Does SortSam lead to a loss of data?
1
0
Entering edit mode
3.3 years ago
James Reeve ▴ 130

As part of my pipeline I'm using the Picard program SortSam to order the reads in my BAM file by their position (SORT_ORDER=coordinate). However when I run this code, my output file has less space.

java -Djava.io.tmpdir=[tmp-directory] -jar picard.jar SortSam \
I=before-sort.bam \
O=after-sort.bam \
SORT_ORDER=coordinate


du before-sort.bam = 44131980 KB

du after-sort.bam = 28874760 KB

Do I have a loss of data, or does SortSam have a filtering step I dont' know of?

Picard • 987 views
3
Entering edit mode
3.3 years ago
ATpoint 55k

No, it does not (should not) remove anything.

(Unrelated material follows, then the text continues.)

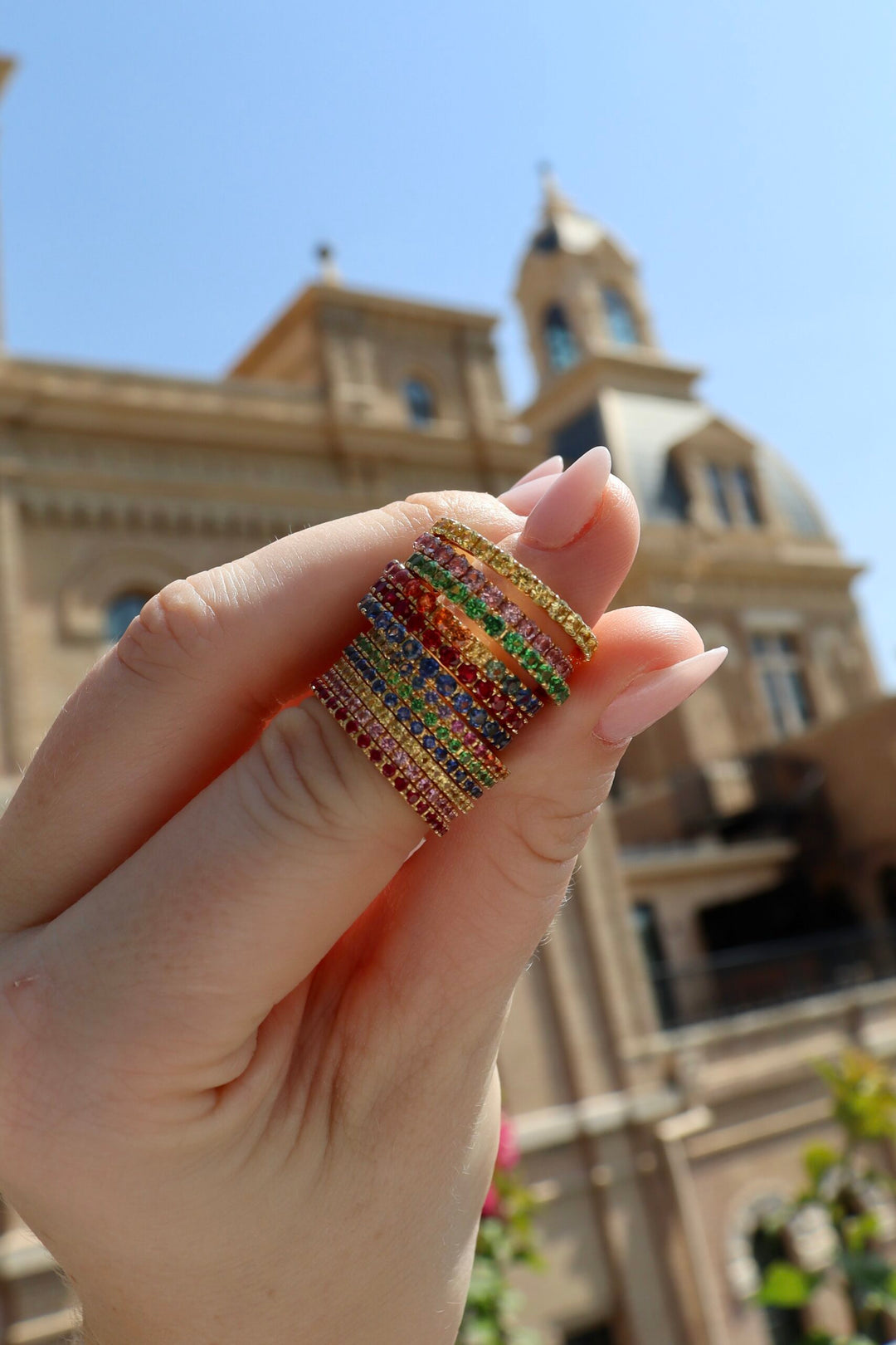 This fun and bright petite Light Pink Sapphire eternity band is a made-to-order custom design. This band can be hand fabricated in 18K Yellow, Rose or White Gold. If you are looking to stack this with a another band with a little more pop of color, try our “Over the Rainbow” Petite Sapphire Eternity Band.

The size difference is in 99.9% due to different compression levels. Simply use samtools flagstat to count reads in both files. Should be identical.

0
Entering edit mode

I checked my files. They have the same number of reads, thanks for the help.

Do you know why my file is nearly 50% smaller after sorting? This is remarkable compression form a programe that I assumed only rearanges the data.

0
Entering edit mode

How did you create the before-sort.bam? Maybe you used a very low compression level on this one? I think standard compression level for most tools is 5 (from 0-9). I think (if I remember correctly) typically the size difference between an uncompressed BAM and a standard BAM that you get from normal samtools view -b is like 20%, but I have to say that I really have no expert knowledge on compression and stuff so do not take me as a reference^^

0
Entering edit mode

I compressed from SAM to BAM using samtools view -b. SortSam sets the default compression level to 5 (20%).

It seems a previous post (Sam To Bam - Loss Of Data Or Just Great Compression?) found SortSam to be very efficent when converting SAM to BAM. I guess part of the SortSAM program compresses the files.

0
Entering edit mode

Ok I see. I never cared too much about file sizes as our HPC cluster has almost 350TB of space, so I often leave intermediate files completely uncompressed to save time.